Hong Chau in Downsizing |
Searching for a compassionate solution to overpopulation, Norwegian scientists discover a method to shrink human beings down to five inches. The perk for the planet is that an entire community produces a single ordinary bag of trash in a year. But the real appeal for most of those who volunteer to undergo the procedure is that they instantly become rich.
Matt Damon, Kristen Wiig, Hong Chau and Alexander Payne |
From Variety:
Alexander Payne's science-fiction comedy about humans who get miniaturized to save the planet (and live like royalty) is that rare thing: a ticklish and resonant crowd-pleaser for grown-ups.
...Payne may be the closest thing we have to a studio-system classicist. His films are built with a craftsmanship so beveled and honed that it’s beyond impeccable, yet that very precision can, at times, rob his movies of spontaneity. ...the movie, in the end, is more amusing than exhilarating, and what should be its emotional payoff hinges too much (for my taste) on the director’s apocalyptic vision of climate change. “Downsizing” turns into a movie about saving the human race. But it’s most fun when it’s about saving one man whose life turns out to be bigger than a hill of beans.What I liked best about the film were the international characters that Paul encounters in Leisureland and beyond, throwing him completely out of his Omaha middle-class comfort zone.
From the Daily Beast:
...Paul sets off on one of those oh-so-Hollywood journeys of self-discovery, encountering a series of outsize characters along the way. There is Dusan (Christoph Waltz, deliciously extra), a Serbian smuggler with a penchant for drug-fueled all-night parties in his penthouse suite, and Ngoc Lan (Hong Chau, extraordinary), a cleaning company owner who resides in a dilapidated tenement on the outskirts of Leisureland populated by the (predominately Hispanic) mini-forgotten.
During the press conference, a journalist asked if Payne and Taylor had intentionally set out to write a film where an American man gets educated by Europeans and an Asian woman -- a question I thought was terrific because I had wondered the same thing. Taylor sputtered a bit until finally admitting, "This is the first time we're hearing that."
Christoph Walz and Hong Chau |
Variety again: “...Hong Chau’s performance is remarkable. She starts off as a borderline stereotype — a bitter refugee spitting venom in broken English — and then melts into the film’s most surprising character.”
From The Wrap: "If there’s a standout here, it’s Chau, taking a character who could easily have been a saintly martyr and making her funny, bristly, moving and occasionally profane. As awards season kicks up, she should definitely be part of the conversation."
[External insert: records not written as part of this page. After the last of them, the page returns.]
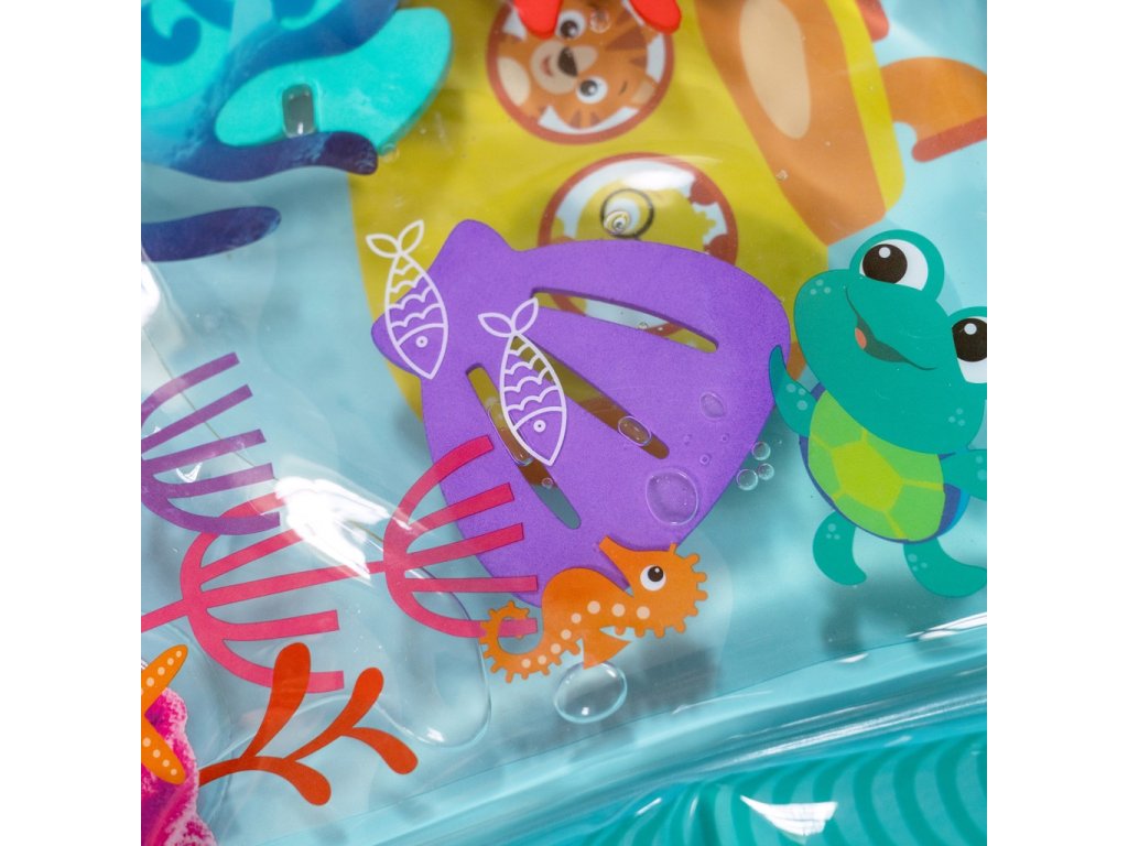 Ez a puha, feltölthető alátét 3 úszó tengeri élőlényt tartalmaz, és támogatja a baba felfedezését a hasi idő alatt. A baba élvezni fogja, hogy az egyes tengeri élőlények a vízben mozognak koppintással vagy nyomással, miközben támogatja az érzékszervi felfedezést, az ok-okozati összefüggések tanulását és a finommotorikát.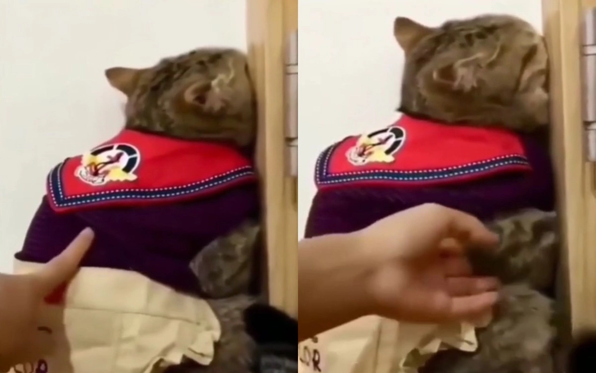 Пользователи соцсетей пытались угадать причину такой реакции котейки на действия хозяина.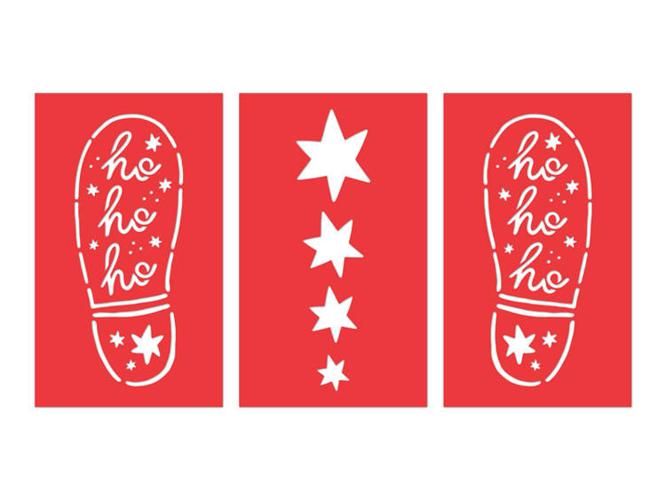 Papierowe szablony w kształcie śladów Mikołaja i gwiazdek.
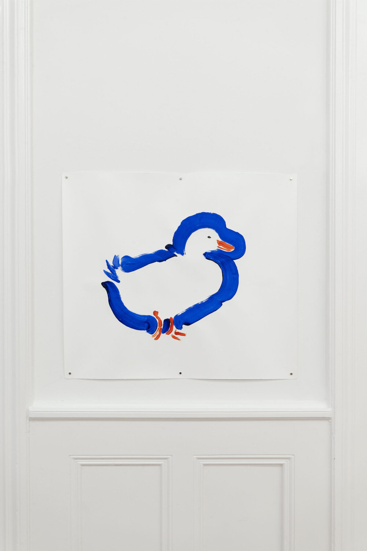 PAUL HUTZLI (*1992) spielt mit den Konventionen von Zeichnung und Malerei. Seine Arbeit Peckin Duck (2020) erscheint mühelos in ihrem Aufbau, lässt die konzentrierte Intention aber erahnen. Basierend auf einem persönlichen Vokabular nimmt die beinahe kalligraphierte Ente Bezug auf klassische Naturdarstellungen und karnevaleskes Handwerk, ohne eine Tradition in ihrer Wertigkeit über die andere zu stellen.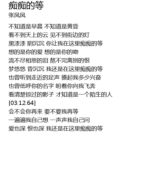 | [01:04.39] | 黑漆漆 阴沉沉 你让我在这里痴痴的等 |

From The Telegraph: "..it’s rescued from mawkishness by some well-placed jabs of dry humour and a terrifically appealing performance from Chau, whose character’s snappy matter-of-factness beautifully complements Damon’s nicely pitched bluff affability. Their chemistry turbo-charges the film through its increasingly foreboding final stretch, in which the fate of humanity (really!) hangs in the balance."It is a striking coincidence that the film premiered during the aftermath of Hurricane Harvey, and the catastrophic flooding in Houston, Texas -- even though Jim Taylor said they had been working on it for about ten years.
Downsizing opens on December 22.
Ciao from the Venice Film Festival,
Cat Bauer
Venetian Cat - The Venice Blog
Kudos to Alexander Payne and Jim Taylor for writing a script with a great role for a woman -- and a Vietnamese dissident with an amputated leg, no less. Hong Chau will certainly be nominated when award season rolls around for her role as Ngoc Lan, a house cleaner who captures Matt Damon's heart after he shrinks down and moves into Leisureland, New Mexico, the ultimate suburbia for small people.